25
Dan dada ibu bernyanyi, sekian purnama, anak lelakinya telah merajut kepingan bakti. Dan dada ibu bersyukur, sekian purnama, anak lelakinya telah sanggup merawat sabar
DAHULU, cintanya terhadap Danum seanggun mentari pagi—setidaknya bagi Mantikei—tetapi sore itu sisi kebinatangannya seolah datang menjelma. Di dalam separuh sadarnya selepas menenggak anggur merah, Mantikei hampir saja menindih tubuh Danum yang geletak tak berdaya.
Kala itu, dengan tangan gemetar, ia sudah berhasil membuka kancing baju bagian atas. Dada Danum tampak membukit dan sungguh memanjakan matanya. Mantikei menelan ludah sesaat, lalu bergerak hendak mencium bibir wanita itu. Akan tetapi, seketika ia tersentak saat terdengar suara auman yang menggelegar.
“Seorang anak ingin mengikuti jejak ayahnya. Sungguh memalukan!” Suara nan parau kemudian terdengar di telinga Mantikei. Namun, ia tak melihat siapa sosok yang telah berseru itu. Mantikei berdiri, lalu berteriak, “Ka-kau siapa? Keluarlah cepat!”
“Sungguh tak tahu diri. Kau pengecut seperti ayahmu!” Suara itu terdengar bergaung dari pucuk pohon yang jauh.
“Keluarlah! Kenapa berani-beraninya menghina ayahku?” Ada sedikit gentar di hati Mantikei saat mengatakan itu. Terang saja, suara tawa itu cukup memekakkan telinga, meskipun orang yang melantangkannya tiada tampak dan seperti berada di kejauhan.
“Dasar pengecut! Katanya cinta mati, tapi mau jadi pemerkosa!”
“Apa, jangan sok tahu! Ayo keluar, tampakkan dirimu!” Mantikei memegang hulu mandaunya, berdiri tegak menghadap ke asal suara.
“Kau keluar dari garba ibumu, harusnya kau bisa menghargai wanita! Apalagi wanita itu adalah orang yang kau cinta. Bodoh sekali kau!”
Mendengarnya Mantikei jadi tertegun sejenak. Siapa pun sosok yang berbicara dari jauh itu, perkataannya adalah benar. Ia lalu mengira sosok itu adalah penjelmaan roh leluhur yang datang dengan maksud hendak menegurnya. Tapi, roh siapa?
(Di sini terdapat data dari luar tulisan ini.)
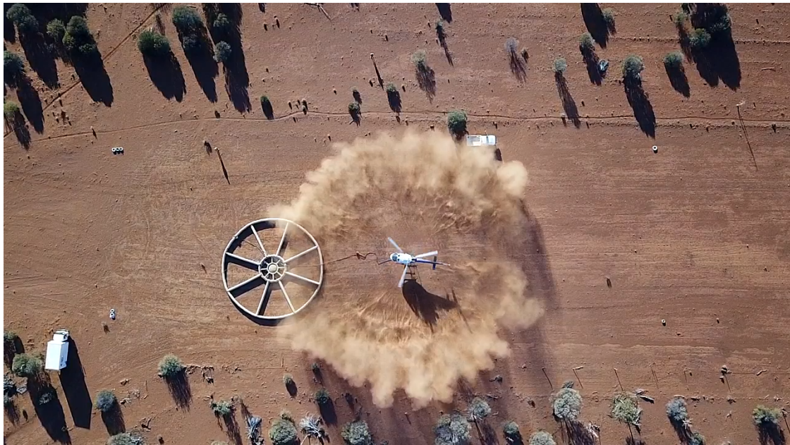
Figure 1: NRG Heli EM survey underway at Bottle Creek and Shepherds Bush projects

The Company recently completed a Helicopter-borne Time-Domain Electromagnetic (HTDEM) survey at the Bottle Creek and Shepherds Bush project areas using the New Resolution Geophysics (NRG) Xcite system (Figure 1). NRG surveyed 284 line kilometres across the two project areas and the data is now being reviewed with interim data indicating the presence of stratigraphic conductors and some positive structural corridors for future exploration drilling.
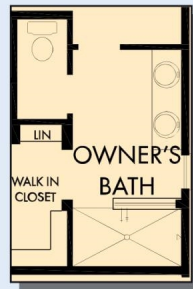
OPTIONAL WALK-IN SHOWER AT OWNER'S BATH
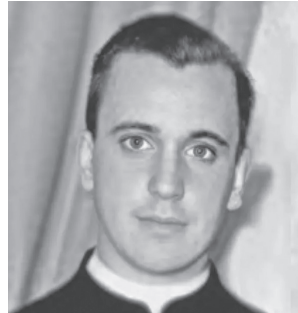
As a seminarian at Villa Devota
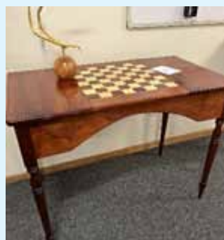
Some of Ian's Work

ETMS is assisted by equipment grants from the Tasmanian Government.
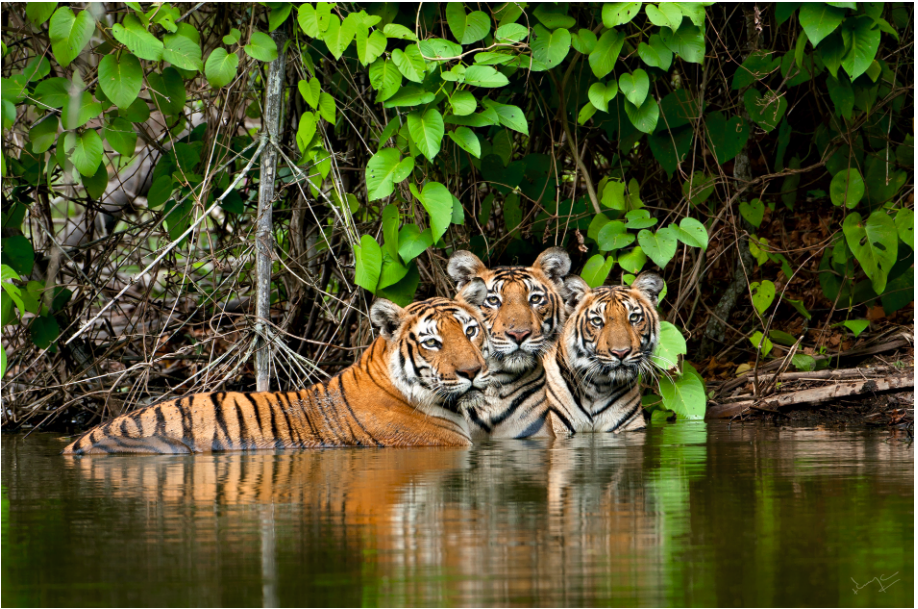
Title : FAMILY PORTRAIT – BANDIPUR, INDIA | SIZE : 20"X 30" Medium : Hahnemuhle Daguerre canvas | Price- Rs. 15,680/-
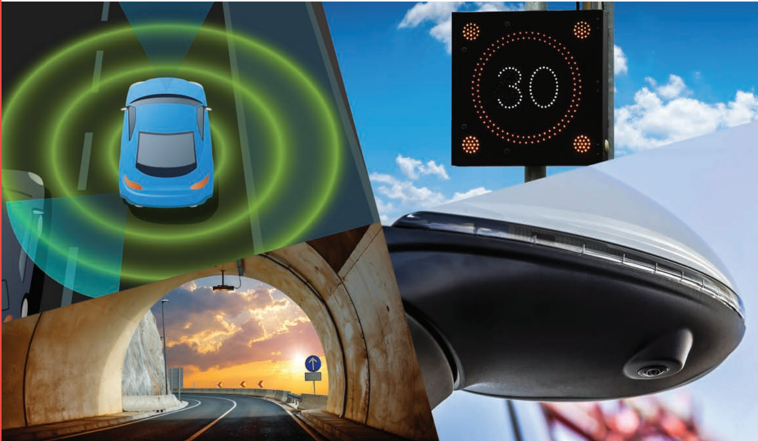
Image Sensor for Automotive Viewing Cameras with 140 dB HDR and Top LED Flicker Mitigation Performance
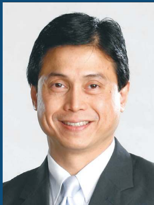
NOAH ARK TECHNOLOGIES

Many central banks around the world are looking at the emergence of blockchain technology favorably, stating that it may help a country's banking sector reach unbanked sectors and fuel economic growth. It is this technology from which platforms are built to exchange digital currencies.
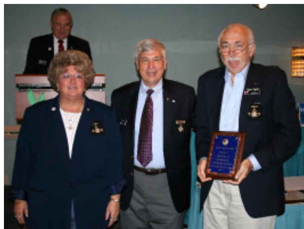
Rockville accepts award for excellence in obtaining Educational Proficiency

Mantikei berdiri kaku. Angin bukit membuat daun-daun luruh. Ketika satu daun kering jatuh di atas kepalanya, ia sibuk merenungi kesilapan. Dan, suara roh leluhur itu tak terdengar lagi saat lelaki itu memandang nanar ke arah Danum yang masih tak sadarkan diri.
*
Bulan samar-samar menggantung di atas bukit. Gema suara binatang malam terdengar bersahutan kala Mantikei duduk di teras rumahnya. Ada rasa sesal yang tertanam di hati lelaki itu, sesal yang teramat dalam, sesal akan cinta kasihnya kepada Danum yang hampir saja ternodai oleh nafsu yang jahil.
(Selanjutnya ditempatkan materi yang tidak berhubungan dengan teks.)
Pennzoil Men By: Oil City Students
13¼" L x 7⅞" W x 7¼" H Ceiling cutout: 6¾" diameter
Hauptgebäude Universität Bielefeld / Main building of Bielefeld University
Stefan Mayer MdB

Di tengah kesunyian, lelaki itu semakin dalam merenung. Ia coba menyusun kembali puzzle-puzzle yang terserak. Ia renungi segala ketololannya selama ini. Ia sesali kejahatannya kepada Harati. Ia pikirkan tentang takdir cinta yang jelas-jelas sudah ketentuan dari Hyang Diwata—tak bisa dilawan.
Mantikei sungguh tidak ingin seperti ayahnya. Tadi siang, ibunya telah bercerita kalau ternyata ayahnya adalah mata keranjang dan kurang bertanggung jawab sebagai seorang lelaki.